MT: One of our landmark papers is on the classification of retinal developmental disorders (foveal hypoplasia), which was published in 2011. This classification introduced a grading system for foveal hypoplasia, dividing the degrees of arrested development into grades 1-4, and an additional grade, termed ‘atypical’, for photoreceptor dystrophies. The grading system is universally accepted due to the diagnostic and prognostic implications. This work formed the basis of the AI project.
However, interpreting foveal OCT scans, especially in children, can be challenging. The idea to develop an automated system for OCT interpretation was therefore proposed to complement the role of the clinician by reducing the demand for experienced interpreters in addition to standardising the classification of retinal developmental disorders.
How did you bring together a network of researchers and how did they contribute to developing the system?
MT: I initially presented my concept and study design to Professor Yu-Dong Zhang, chair of machine learning, and Professor Gottlob, professor of ophthalmology at University of Leicester. Professor Gottlob has been working on a large normative dataset project for paediatric ophthalmology so was keen to support me to develop this system and utilise the wealth of data we have been accumulating at Leicester. Professor Zhang was particularly excited about the project since my previous work with the grading system formed a strong foundation and he could apply techniques he had developed for MRI datasets to OCT. Together we successfully received funding and commenced work in January 2019.

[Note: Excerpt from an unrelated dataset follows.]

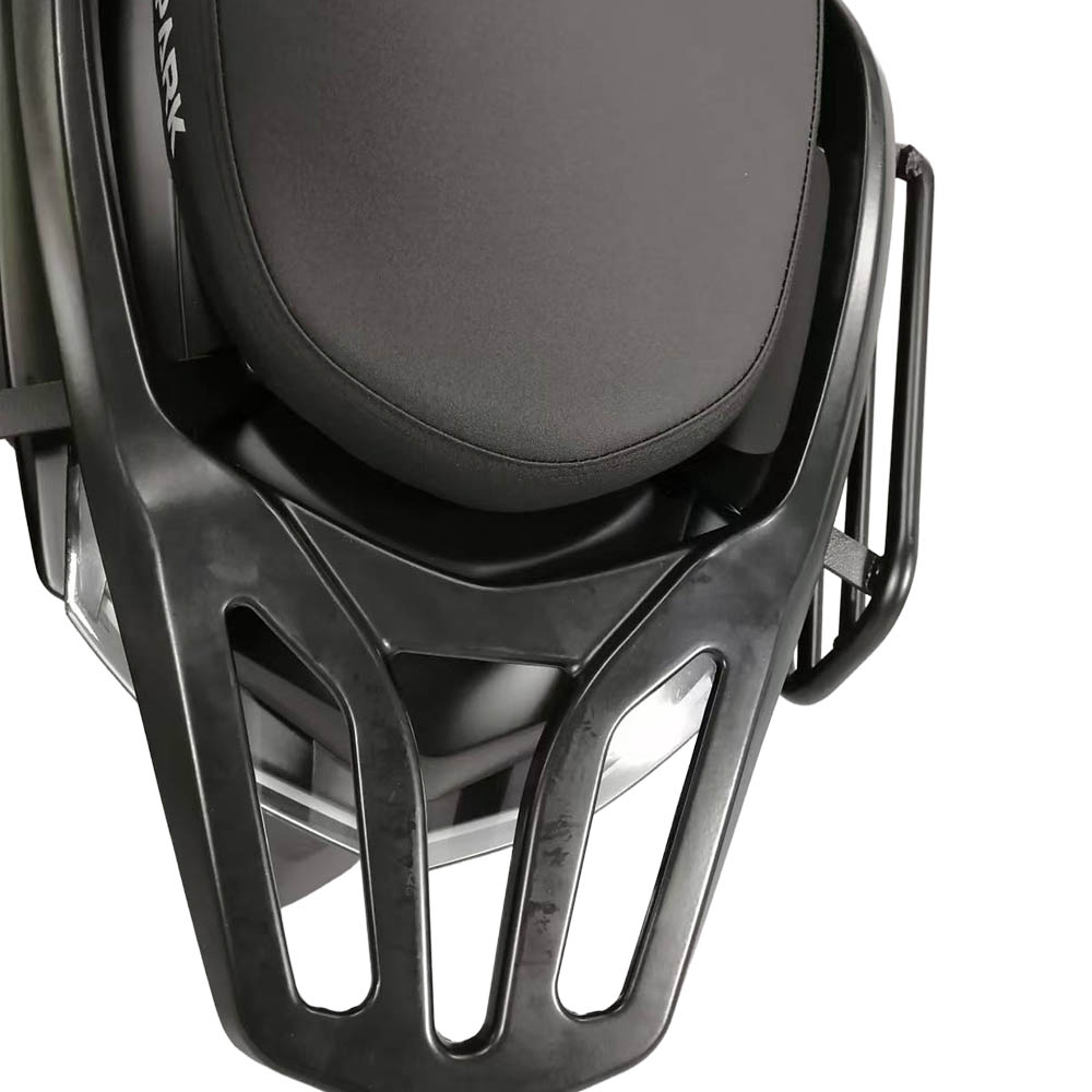 Висота по сидінню 940 мм формує впевнену посадку з хорошим оглядом над потоком автомобілів. Напівжорстке сидіння дорожнього типу, виконане по всій довжині, зручне як для водія, так і для пасажира. Пласка підлога додає комфорту під час посадки і висадки, а об’єднані підніжки пасажира органічно вписані в загальну конструкцію і не заважають під час одиночної їзди. Захисні дуги доповнюють практичність і підвищують відчуття впевненості в повсякденній експлуатації.

I developed the team and set up collaborations with an AI group based in India, collaborating with Dr Girish Varma, assistant professor, IIIT Hyderbad. Dr Varma works in the intersection of machine learning, applied computer vision and theoretical computer science with a strong track record.

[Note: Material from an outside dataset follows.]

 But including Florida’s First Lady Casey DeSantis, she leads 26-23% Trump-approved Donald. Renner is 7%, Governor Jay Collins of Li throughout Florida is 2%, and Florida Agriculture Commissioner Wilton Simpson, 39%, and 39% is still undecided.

Professor Zhang and Dr Varma and their associated teams developed the algorithms for our classification system, adapting to our specific requirements. Both teams used different CNNs so that we were able to compare and select the CNN with the highest validation accuracy.

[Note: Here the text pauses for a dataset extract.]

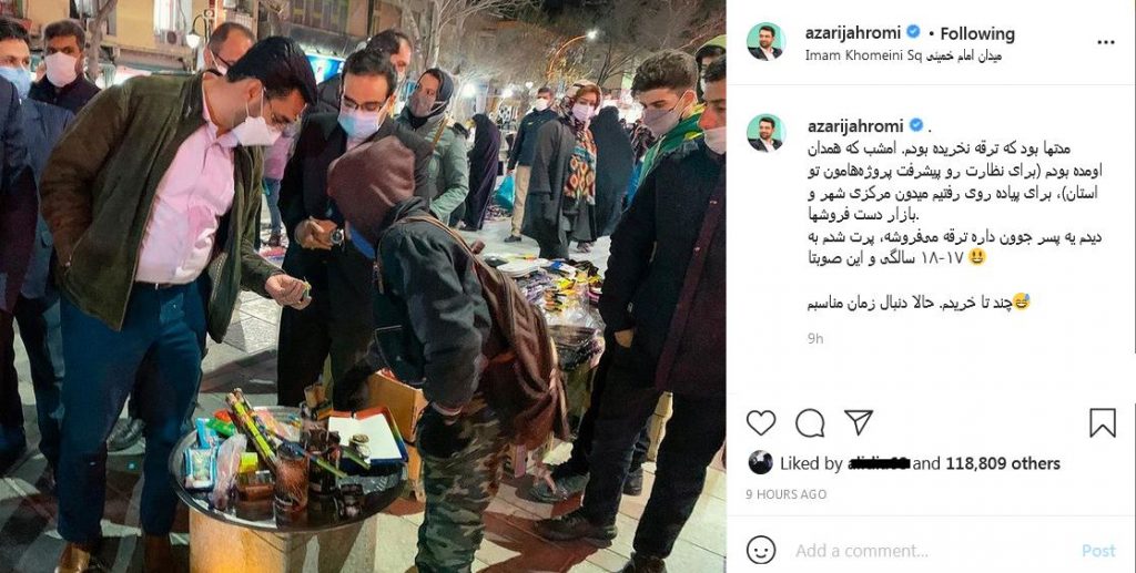 حالا چهره بیتجربه و تازهکار این دولت بار دیگر با شبیهسازی از بزرگان خود؛ با نیمنگاهی به انتخابات سخنانی بر زبان میآورد که در حد و اندازه ایشان نیست! او روز گذشته برای افتتاح و بررسی چند پروژه مخابراتی به شهر همدان سفر کرده بود، اما بهیکباره در یک پست اینستاگرامی نوشت: از یک پسر دستفروش چند تا ترقه خریدم؛ دنبال زمان مناسب میگردم!

What was important about this collaborative approach?
MT: From previous experience, the most impactful work often occurs at the interface between different scientific fields. Understandably, it would be extremely challenging to carry out this type of research within a defined time frame, without input from more than one discipline. Thus, it was crucial to involve multiple individuals with varying expertise and backgrounds in the fields of machine learning, clinical ophthalmology, paediatric retinal imaging and industry.
Our industry collaborators, Leica, were a vital part of the team, offering continuous support and technical assistance to enable the use of encrypted data from their equipment. This collaborative approach enabled the rapid development of an initial binary classification and subsequent successful developments with a six-point classification.
How will the outcomes of the project benefit ophthalmologists in diagnosis and prognosis?
MT: Childhood retinal diseases are a significant cause of reduced vision in children, reported to account for between 25–47% of severe paediatric visual impairment. The development of the foveal hypoplasia grading system already demonstrates significant diagnostic and prognostic value. Recently we have shown that it can predict future visual acuity in preverbal children. However, introducing our AI system to carry out automatic classification ultimately accelerates and standardises this process. Thus, much of the consultation time can then be focused with the patient and family rather than analysing and interpreting scans.
The system may also provide the benefit of reducing the requirement for additional tests such as electrical testing, genetic testing and MRI, thus reducing the staff and resource demands in such departments. We envisage that this will allow specialist orthoptists and optometrists to lead and setup virtual clinics allowing quicker triaging in paediatric ophthalmology. Our AI system has the potential to be introduced to frontline clinical assessments, therefore offering diagnosis and prognosis much earlier on in the patients’ care pathway.